Entries provided:
- - - -

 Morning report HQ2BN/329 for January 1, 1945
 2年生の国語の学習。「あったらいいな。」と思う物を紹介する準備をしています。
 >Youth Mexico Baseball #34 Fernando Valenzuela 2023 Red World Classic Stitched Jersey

- - - -

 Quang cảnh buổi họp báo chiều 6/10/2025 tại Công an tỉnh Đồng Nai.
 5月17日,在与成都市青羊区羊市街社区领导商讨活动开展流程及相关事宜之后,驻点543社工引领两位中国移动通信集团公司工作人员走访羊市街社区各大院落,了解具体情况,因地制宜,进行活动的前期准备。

- - - -

Description of the task: With the line holding "2年生の国語の学習。「あったらいいな。」と思う物を紹介する準備をしています。" as the first and the line holding "Classic Stitched Jersey" as the last, set down that range of the entries above exactly, and nothing else.

Exercise result:
 2年生の国語の学習。「あったらいいな。」と思う物を紹介する準備をしています。
 >Youth Mexico Baseball #34 Fernando Valenzuela 2023 Red World Classic Stitched Jersey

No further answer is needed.